# [What the task requires]
The records below are to be restated word for word, with their images omitted.

(Records from a collection)

· · ·

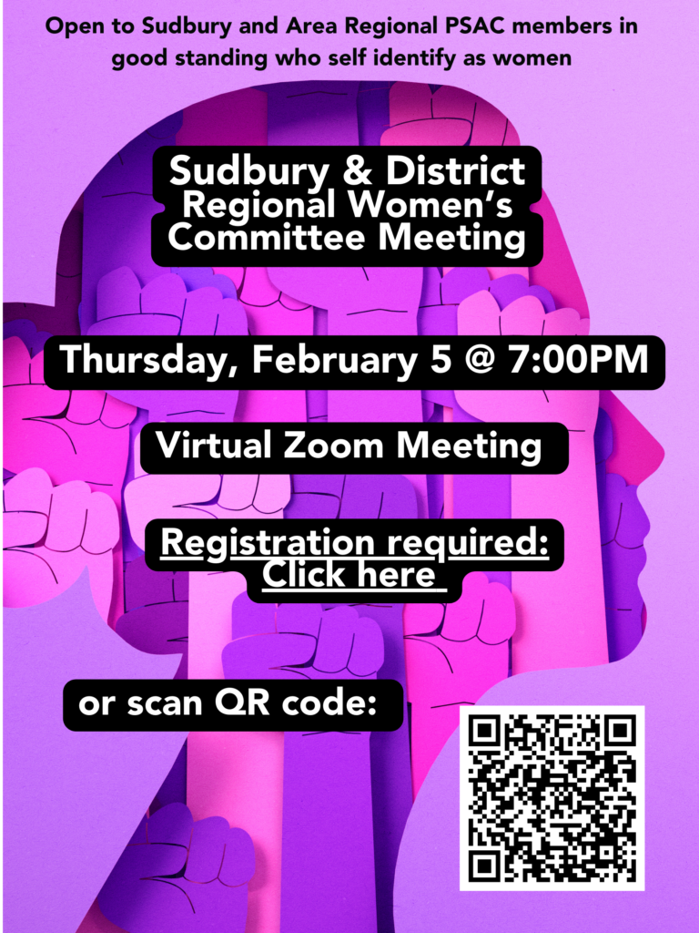 You’re invited to the PSAC Sudbury & District Regional Women’s Committee Meeting! This meeting is open to all PSAC members in the Sudbury & District Regional area who identify as women.
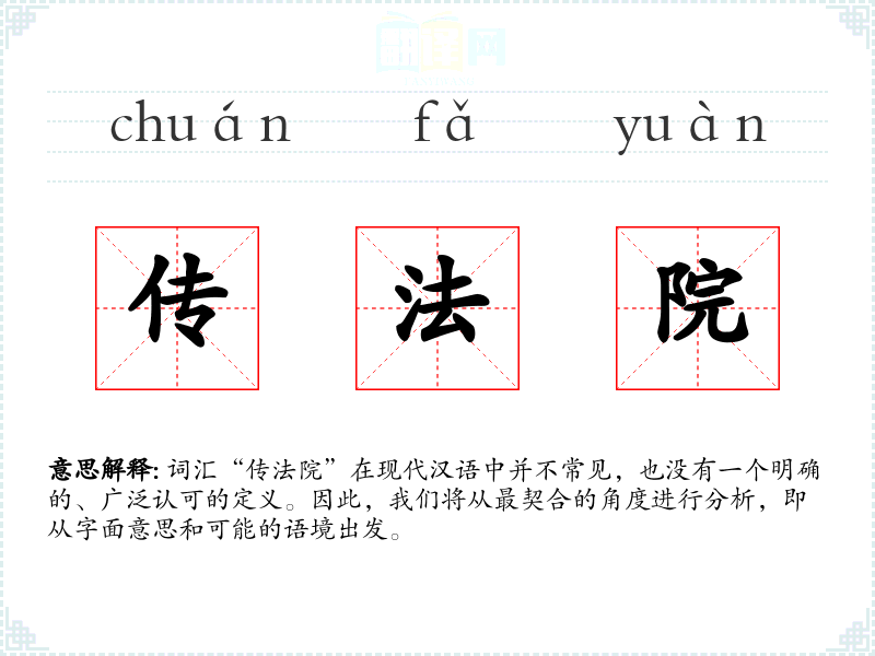 词汇“传法院”在现代汉语中并不常见,也没有一个明确的、广泛认可的定义。因此,我们将从最契合的角度进行分析,即从字面意思和可能的语境出发。
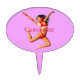 Black-haired red bikini-wearing girl leaps high dancing to customize, personalize by changing to your name
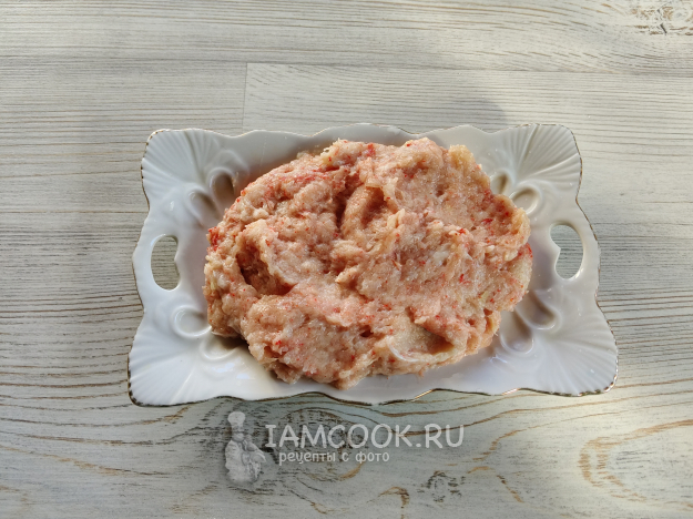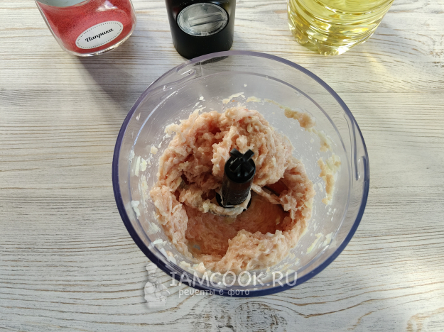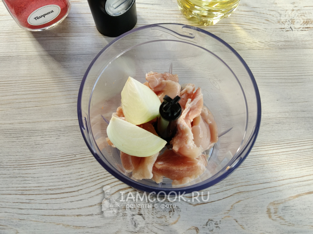 Измельчить, можно использовать мясорубку или купить уже готовый куриный фарш и измельчить в него лук.
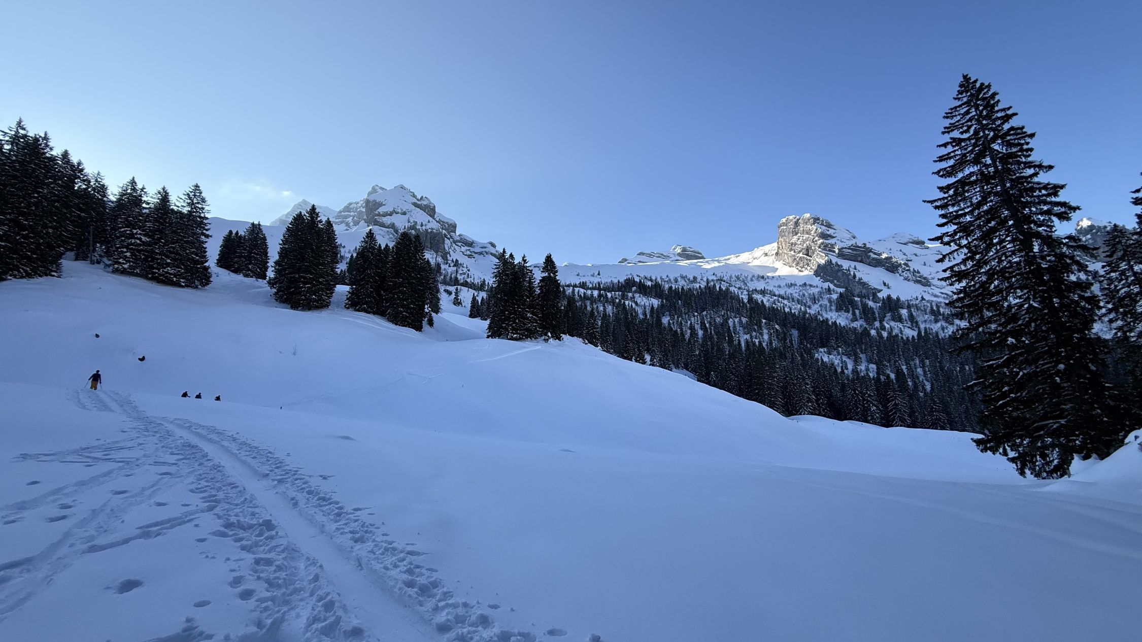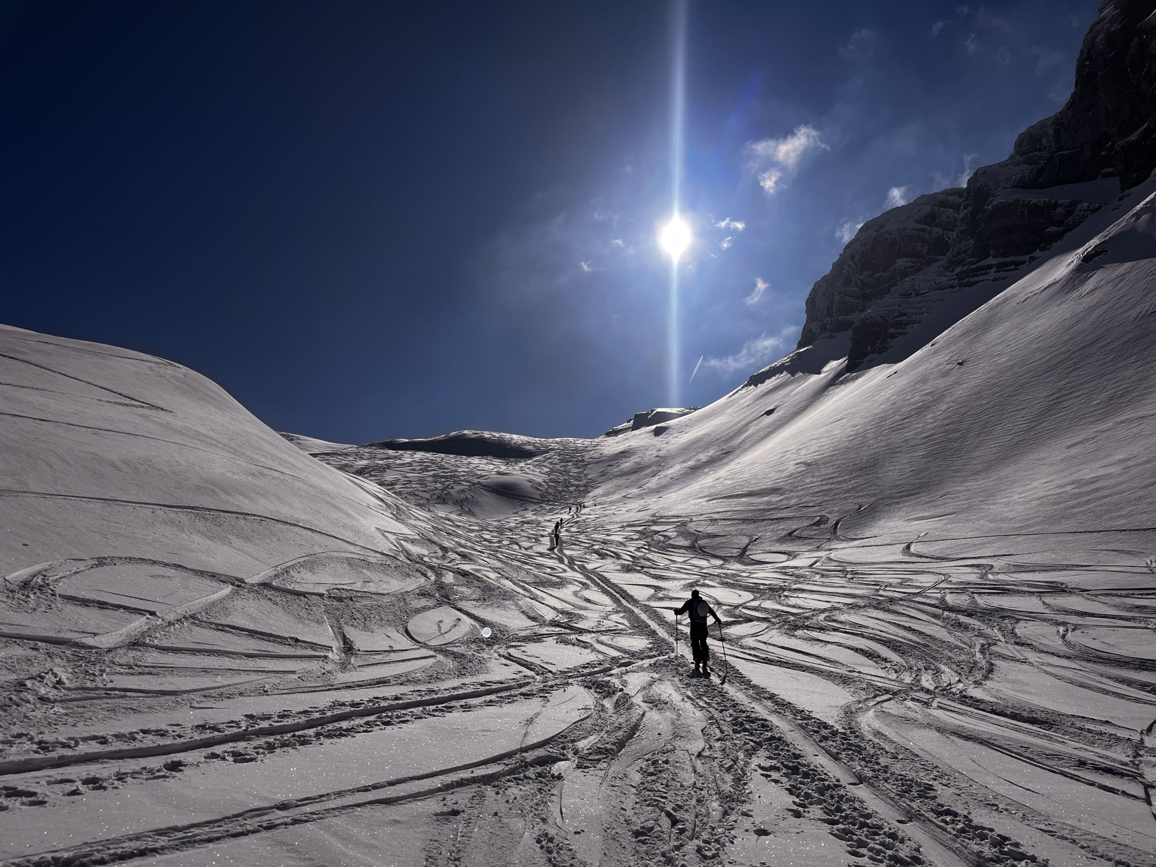 Traumhaft, oben genialer Pulverschnee. Ab Verzweigung Mutteristock wurde der Schnee immer schwerer.

· · ·

# [Answer to this task]
 You’re invited to the PSAC Sudbury & District Regional Women’s Committee Meeting! This meeting is open to all PSAC members in the Sudbury & District Regional area who identify as women.
 词汇“传法院”在现代汉语中并不常见,也没有一个明确的、广泛认可的定义。因此,我们将从最契合的角度进行分析,即从字面意思和可能的语境出发。
 Black-haired red bikini-wearing girl leaps high dancing to customize, personalize by changing to your name
 Измельчить, можно использовать мясорубку или купить уже готовый куриный фарш и измельчить в него лук.
 Traumhaft, oben genialer Pulverschnee. Ab Verzweigung Mutteristock wurde der Schnee immer schwerer.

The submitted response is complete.